- [Work order]: Every record should be copied exactly, except that pictures are to be omitted.

- [Data listing]:

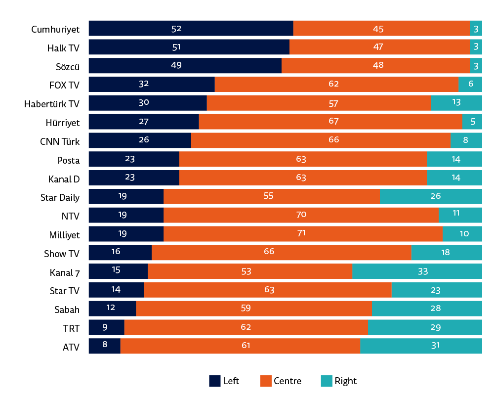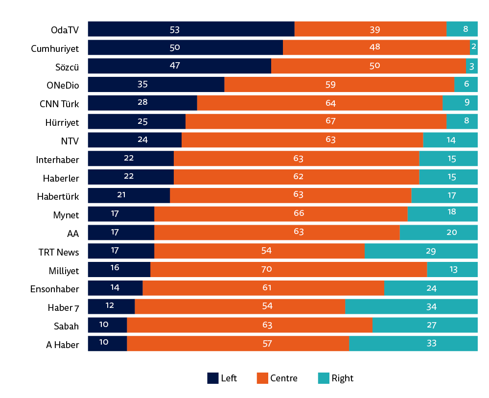 The digital-born brands Oda TV and OneDio draw a larger audience from those who are left-leaning. As to the news aggregators, Mynet, which is the most preferred source at the top of the list in this category, has almost the same audience from both the left and the right. Internethaber and Haberler are more popular on the right than the left, and Ensonhaber is the opposite. Surprisingly, the ratio of respondents from the right or left who consume news from the official Anatolian News Agency is similar.
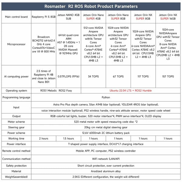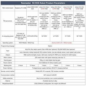 Der ROSMASTER R2 ist ein fortschrittlicher mobiler Roboter mit einem KI-Sprachinteraktionsmodul und Ackermann-Lenkstruktur, der auf dem ROS2-System basiert. Er ist kompatibel mit Jetson NANO (B01/SUB), Jetson Orin NANO SUPER, Jetson Orin NX SUPER und Raspberry Pi 5 als Hauptsteuerplatinen.
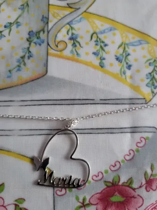 Precioso colgante con forma de corazón y una delicada mariposa. - Diseño calado en forma de corazón. - Nombre 'Maria' integrado en el diseño. - Detalle de mariposa en la parte superior izquierda. - Cadena de plata.
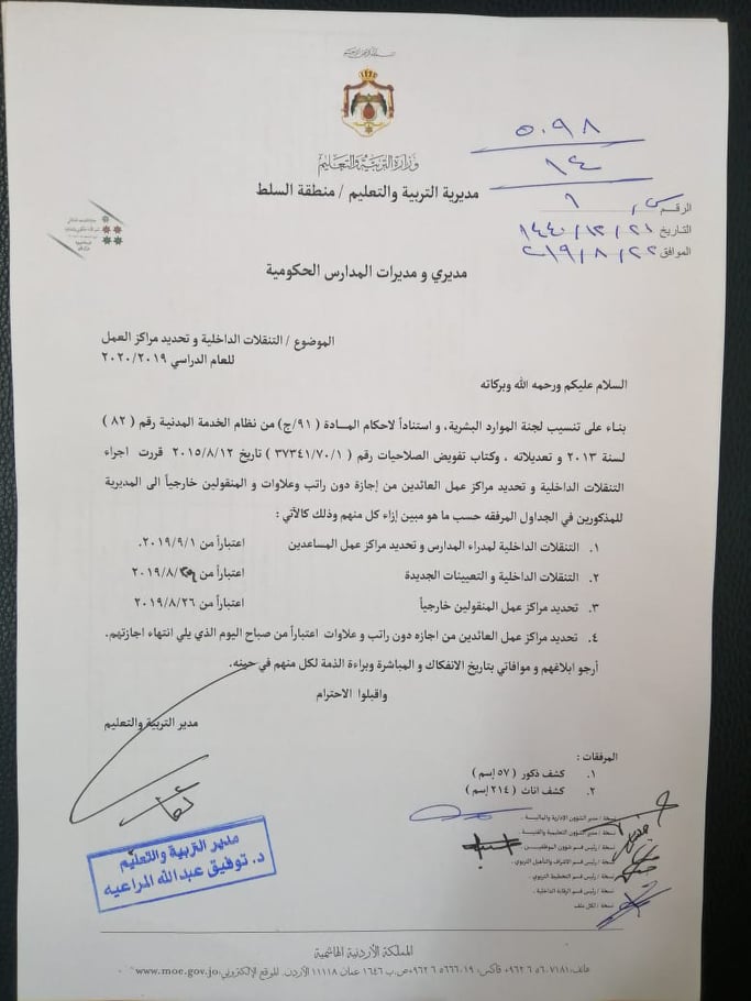 قرر مدير التربية والتعليم لمنطقة السلط الدكتور توفيق المراعية اجراء التنقلات التالية :
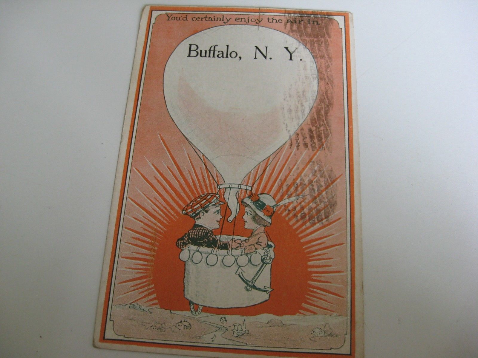 VINTAGE HOT AIR BALLOON POST CARD 1918 U.S.A. BUFFALO,N.Y.

- [Result for this task]:
 The digital-born brands Oda TV and OneDio draw a larger audience from those who are left-leaning. As to the news aggregators, Mynet, which is the most preferred source at the top of the list in this category, has almost the same audience from both the left and the right. Internethaber and Haberler are more popular on the right than the left, and Ensonhaber is the opposite. Surprisingly, the ratio of respondents from the right or left who consume news from the official Anatolian News Agency is similar.
 Der ROSMASTER R2 ist ein fortschrittlicher mobiler Roboter mit einem KI-Sprachinteraktionsmodul und Ackermann-Lenkstruktur, der auf dem ROS2-System basiert. Er ist kompatibel mit Jetson NANO (B01/SUB), Jetson Orin NANO SUPER, Jetson Orin NX SUPER und Raspberry Pi 5 als Hauptsteuerplatinen.
 Precioso colgante con forma de corazón y una delicada mariposa. - Diseño calado en forma de corazón. - Nombre 'Maria' integrado en el diseño. - Detalle de mariposa en la parte superior izquierda. - Cadena de plata.
 قرر مدير التربية والتعليم لمنطقة السلط الدكتور توفيق المراعية اجراء التنقلات التالية :
 VINTAGE HOT AIR BALLOON POST CARD 1918 U.S.A. BUFFALO,N.Y.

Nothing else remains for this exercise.